By HAL McCOY
Before he walked to the mound Friday afternoon, Cincinnati Reds pitcher Homer Bailey knew he would be the team’s Opening Day starter next Thursday against the Washington Nationals, Bailey’s first Opening Day assignment in his 11th year with the team.
If you subtract one inning from the six innings Bailey pitched Friday afternoon, Bailey was a stout performer.
But in baseball you can’t just throw away an inning, so it wasn’t an outstanding day for Bailey.
In the first, second, third, fifth and sixth, Bailey gave up no runs and four hits.
The fourth inning, though, was enough for the Cincinnati Reds to lose a 8-2 decision to the Colorado Rockies at Talking Stick at Salt River.
Bailey gave up five hits to the first five batters, including back-to-back home runs to Nolan Arenado and Carlos Gonzalez. That led to three runs that could have been much worse.
The Rockies gave Bailey two outs. Ian Desmond tried to go from first to third on a single and center fielder Billy Hamilton threw him out. Roberto Parra tried to steal third and Devin Mesoraco threw him out.
So Bailey’s work sheet was six innings, three runs, nine hits, one walk and two strikeouts. He threw 83 pitches, 56 for strikes.

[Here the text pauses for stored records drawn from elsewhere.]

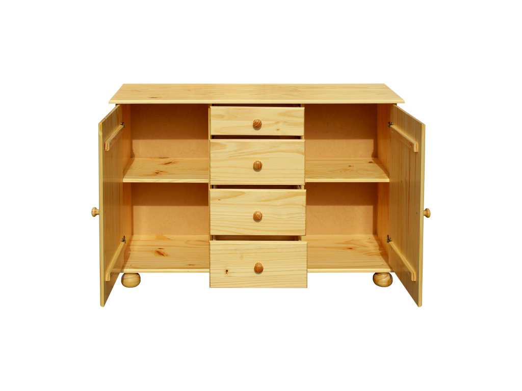 Spodní část tvoří příborník se čtyřmi zásuvkami s kovovými pojezdy a dvěma skříňkami s dvířky, vybavenými policí. Nástavec nabízí další úložný prostor za dvěma prosklenými dvířky, ideální např. pro vystavení nádobí nebo dekorací.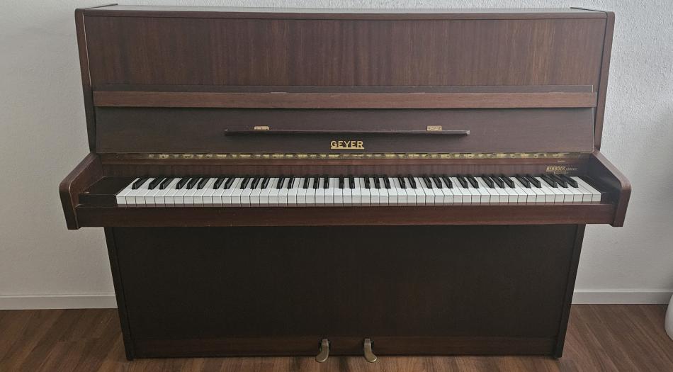 Verkaufe ein Klavier von Geyer, Baujahr ca.1996,, inkl. einem Hocker, in Farbe Nussbaum in einem sehr guten Zustand. Das Klaver stand viele Jahre unbenutzt im Raum. Es müsste nur noch gestimmt werden.Bei Interesse, schicken Sie mir bitte eine E-Mail.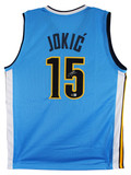 This Autographed Light Blue Throwback Pro Style Jersey has been Personally Signed by Nikola Jokic of the Denver Nuggets. This item is 100% Authentic to include a hologram by Beckett Authentication Services. This item will come with an affixed Beckett Authentication Services (BAS) authentication sticker, which includes a scannable QR code to verify authenticity. Please note that Beckett no longer provides serial-numbered COA cards, and the attached BAS sticker will serve as the complete authentication for this item. This is a BAS Witnessed Protection Program item which means a Beckett Authentication Service representative was present when this item was being signed. We have multiples of this same item. While the photographs are representative of this item, the size, placement and strength of the signature may vary. Each item is hand signed, therefore, each autograph is unique. This is a X-Large sized, non-branded, custom-stitched Jersey.

The Reds had given Bailey a 2-0 lead in the third inning as Billy Hamilton emerged from his hitting cocoon. Hamilton led the game with a tripe over the center fielder’s head and scored on Jesse Winker’s single.
Bailey led the third with a double and Hamilton drove him home with a double. But that 2-0 lead evaporated in the fourth when the Rockies opened up on Bailey.

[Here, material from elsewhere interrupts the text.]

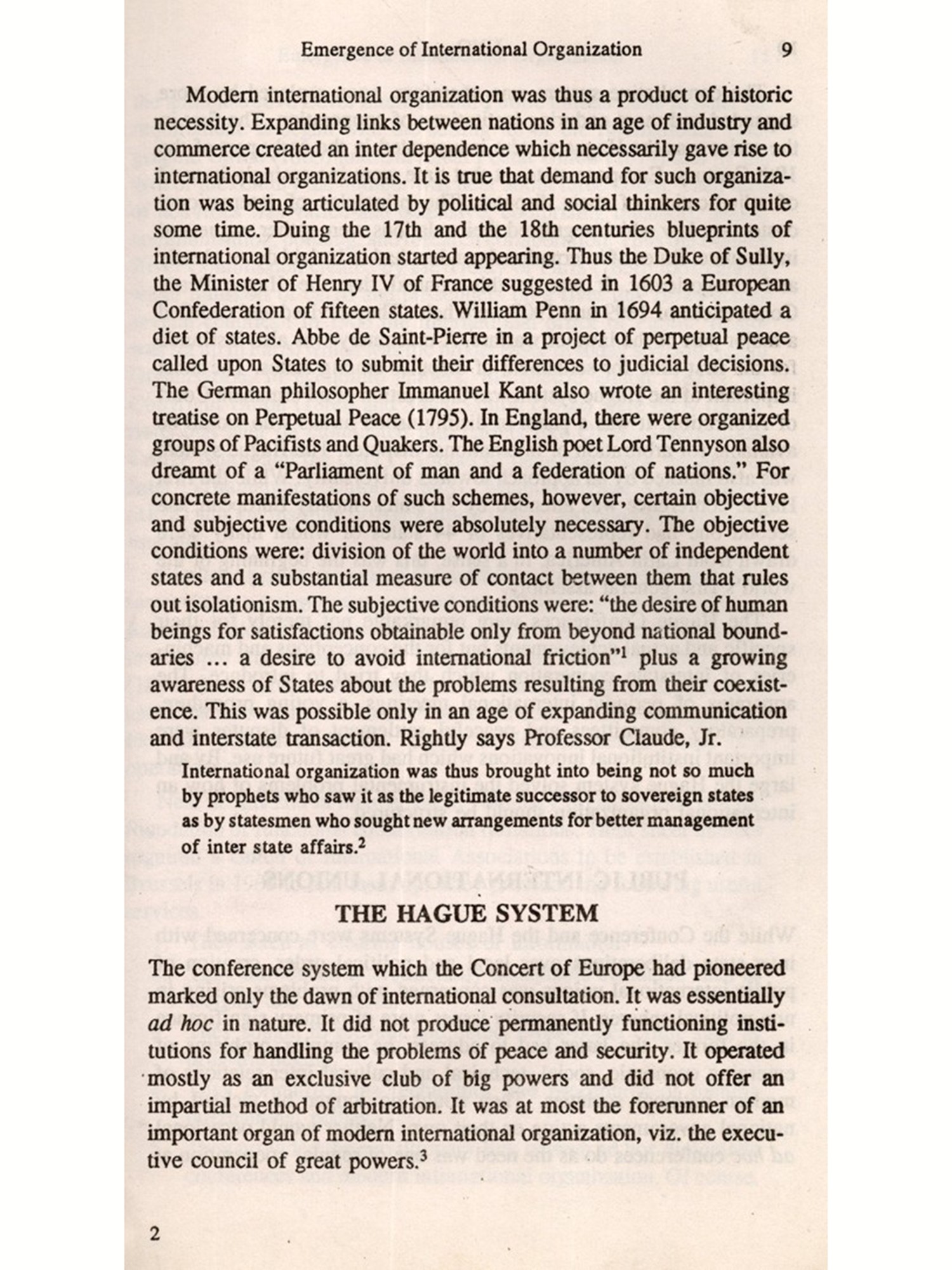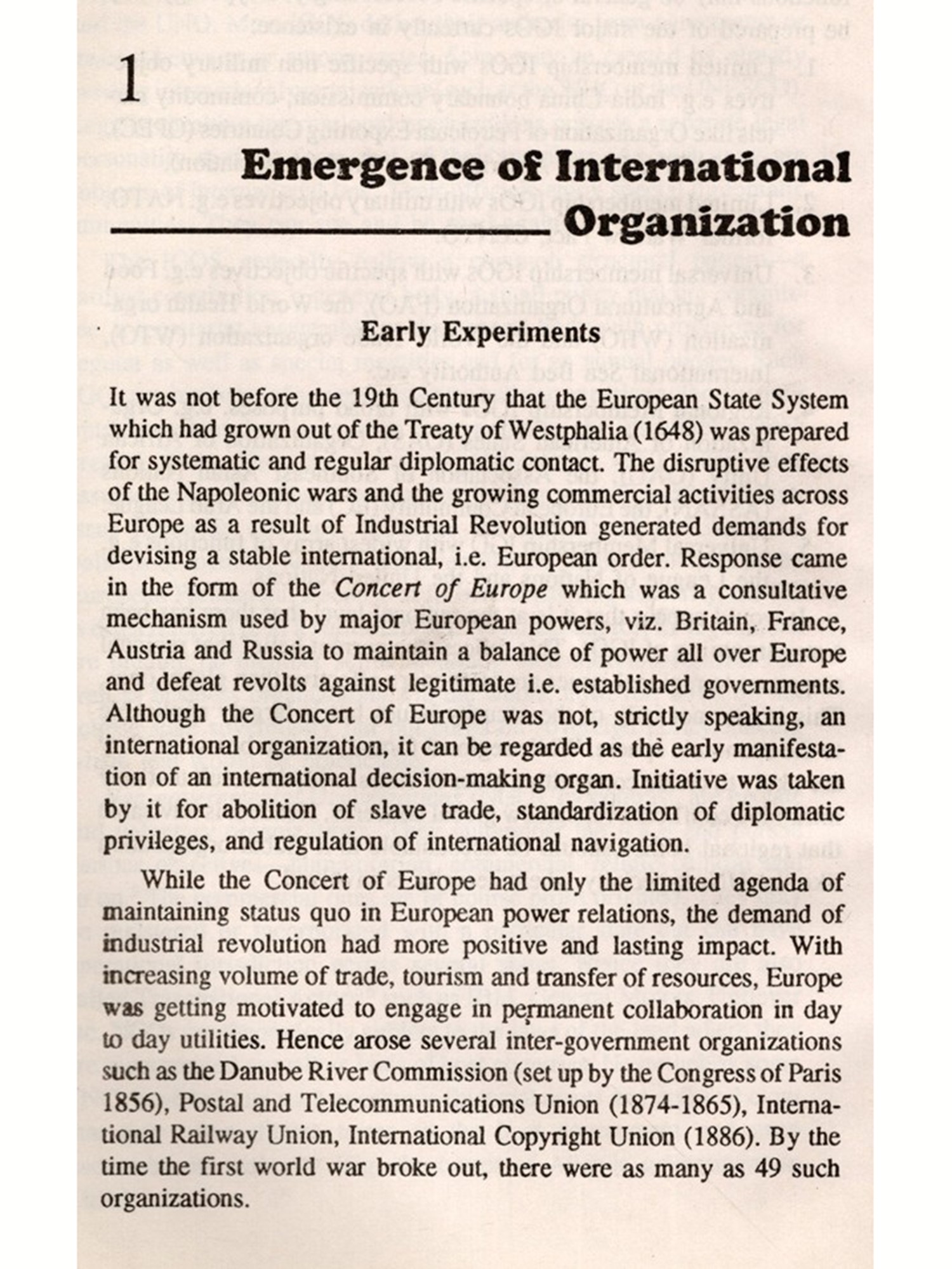 In fact many of us do not always realize how in our simple day-to-day activities we depend on organizations that do not belong to a single nation. An air letter, a faxed message, an overseas relief that we may receive or send all have the supportive services of one in international body or the other-the Universal Postal Union (UPU) or International Telecommunications Union (ITU) or the International Red Cross. Even our sovereign states cannot do without approaching. international organizations like the World Meteorological Organization (WMO) for global weather information, the International Monetary fund (IMF) for financial assistance in times of foreign exchange crisis or the International Court of Justice (ICJ) for settling disputes say of fishing in other's maritime zone. States are also affected by the action of such bodies as Organization of Petroleum Exporting Countries (OPEC) when it fixes the quantity and price of oil or the International Atomic Energy Agency (IAEA) when it suspects clan-destine nuclear experiments and wants to inspect closely guarded establishments.

The Rockies pushed their lead to 5-2 in the seventh by scoring two runs on only one hit. Zack Weiss started the sixth and retired only two batters.

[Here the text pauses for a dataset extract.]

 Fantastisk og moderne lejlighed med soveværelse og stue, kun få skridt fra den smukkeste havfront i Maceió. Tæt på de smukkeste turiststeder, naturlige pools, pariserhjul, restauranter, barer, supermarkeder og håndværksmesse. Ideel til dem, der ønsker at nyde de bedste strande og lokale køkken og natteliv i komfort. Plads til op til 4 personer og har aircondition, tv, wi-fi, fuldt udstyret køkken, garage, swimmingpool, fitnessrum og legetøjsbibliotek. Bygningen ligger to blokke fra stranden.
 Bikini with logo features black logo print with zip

He hit Chris Ianetta with a pitch to open the inning and gave up a run-scoring double to Dave Dahl. He then loaded the bases and walked in a run to make it 5-2.
Kevin Quackenbush, a non-roster invitee who has been nearly perfect all spring, gave up his first earned runs of the exhibition season by yielding three runs and three hits in the eighth inning.
After getting two runs and four hits in the first three innings, the Reds scored no runs and two hits over the final six innings.
Hamilton was the only Reds hitter with more than one hit and the Reds struck out 13 times.
Before the game, the Reds did some roster cleaning. They optioned pitchers Robert Stephenson and Jackson Stephens to Class AAA Louisville.
And they re-assigned to minor league camp pitcher Dylan Floro, pitcher Tanner Rainey, catcher Joe Hudson, infielder-outfielder Rosell Herrara, outfielder Ben Revere and outfielder Mason Williams. Veteran lefthanded relief pitcher Oliver Perez was released.
Although manager Bryan Price hasn’t made it official, it appears the rotation to start the season will be Bailey, Luis Castillo, Amir Garrett, Sal Romano and Tyler Mahle.
But with off days, the team will only need four starters through the first two turns through the rotation.